Cardiac troponins: 25 years on the stage and still improving their clinical value

, &
Pages 551-571 | Received 17 Aug 2017, Accepted 25 Nov 2017, Published online: 11 Dec 2017
 

Abstract

Twenty-five years ago, non-isotopic immunoassays for measuring the cardiac specific isoforms of troponin I (cTnI) and T (cTnT) were developed. Both biomarkers radically changed the diagnosis, prognosis, and therapy indication of acute coronary syndromes (ACS) and, particularly, of myocardial infarction (MI). However, cardiac troponins (cTn) rapidly demonstrated their usefulness in other cardiac and non-cardiac conditions, a part of the ischemic coronary diseases. Consequently, the number of patients to be tested for cTn and the number of tests requested to clinical laboratories sharply increased. Though the manufacturers continuously improved the analytical characteristics of the first cTn assays and produced different cTn assay “generations”, the universal definition of myocardial infarction required less-than-available analytical imprecision at the cTn concentration used to assess MI (i.e. the 99th reference percentile). To address the clinical requirements, manufacturers developed the high-sensitivity cTn (hs-cTn) assays that allow to measure the 99th reference percentile with adequate precision, to detect cTn in many healthy subjects and, hence, to calculate the hs-cTn biological variation and especially to observe in very short time intervals serial differences in hs-cTn attributable to cardiac ischemia. Since the number of patients attending the emergency departments (ED) for a suspected ACS or MI is increasing, the improved properties of hs-cTn assays, allowing faster and safer patient assessment, will help to alleviate the sometimes overcrowded EDs. However, there are many biological, analytical, and clinical factors that can influence the true hs-cTn values of a patient. Clinicians and laboratory professionals should know about them for the best interpretation of the otherwise largely useful hs-cTn measurements.

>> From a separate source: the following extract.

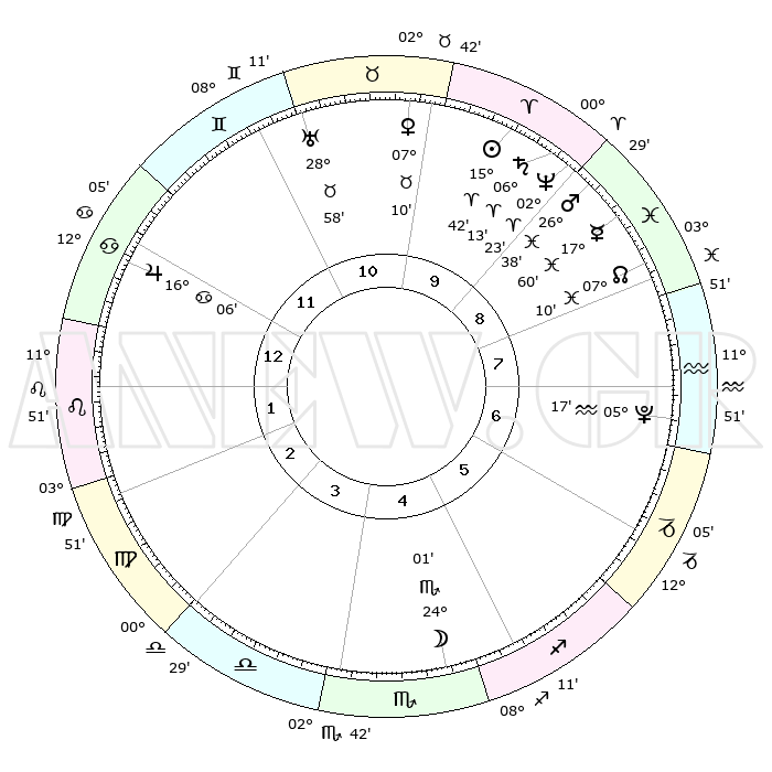 | | ΘΕΣΕΙΣ ΠΛΑΝΗΤΩΝ ΑΣΤΡΟΛΟΓΙΚΟΥ ΧΑΡΤΗ ΤΗΣ ΣΤΙΓΜΗΣ ΑΥΤΗΣ | | | | Πλανήτης | Ζώδιο | Μοίρες | Δεκαήμ. | Σε οίκο | Απόκλιση | | Ακμές των οίκων | | Ηλιος | Κριός | 15°24' | Δεύτερο | 1 | 06 N 04 | | 1ος | 12°30' | Κριός | | Σελήνη | Σκορπιός | 20°15' | Τρίτο | 8 | 22 S 32 | | 2ος | 19°34' | Ταύρος | | Ερμής | Ιχθείς | 17°40' | Δεύτερο | 12 | 06 S 36 | | 3ος | 15°11' | Δίδυμοι | | Αφροδίτη | Ταύρος | 06°47' | Πρώτο | 1 | 13 N 31 | | 4ος | 07°04' | Καρκίνος | | Αρης | Ιχθείς | 26°23' | Τρίτο | 12 | 02 S 23 | | 5ος | 00°03' | Λέων | | Δίας | Καρκίνος | 16°05' | Δεύτερο | 4 | 22 N 50 | | 6ος | 29°30' | Λέων | | Κρόνος | Κριός | 06°11' | Πρώτο | 12 | 00 N 30 | | 7ος | 12°30' | Ζυγός | | Ουρανός | Ταύρος | 28°57' | Τρίτο | 2 | 19 N 45 | | 8ος | 19°34' | Σκορπιός | | Ποσειδώνας | Κριός | 02°22' | Πρώτο | 12 | 00 S 16 | | 9ος | 15°11' | Τοξότης | | Πλούτωνας | Υδροχόος | 05°17' | Πρώτο | 11 | 22 S 47 | | 10ος | 07°04' | Αιγόκερως | | Β. Δεσμός | Ιχθείς | 07°11' | Πρώτο | 12 | 08 S 52 | | 11ος | 00°03' | Υδροχόος | | Ωροσκόπος | Κριός | 12°30' | Δεύτερο | | | 12ος | 29°30' | Υδροχόος | | Μεσουράνημα | Αιγόκερως | 07°04' | Πρώτο | | | |

In conclusion, 25 years after their introduction for clinical use, “cTn are still on the stage and improving their clinical value”.

Disclosure statement

Dr. Alquézar-Arbé has received grants for research, travel, and conferences fees from Roche Diagnostics Spain and Roche Diagnostics Intl. Dr. Alessandro Sionís has received support for research, travel, and fees as a speaker for Singulex Inc. Dr. Jorge Ordoñez-Llanos has received support for research, travel, and fees as a speaker or consultant from Alere, Biomerieux, Roche Diagnostics (Spain and Intl.), and Singulex Inc, in relation to the content of the manuscript.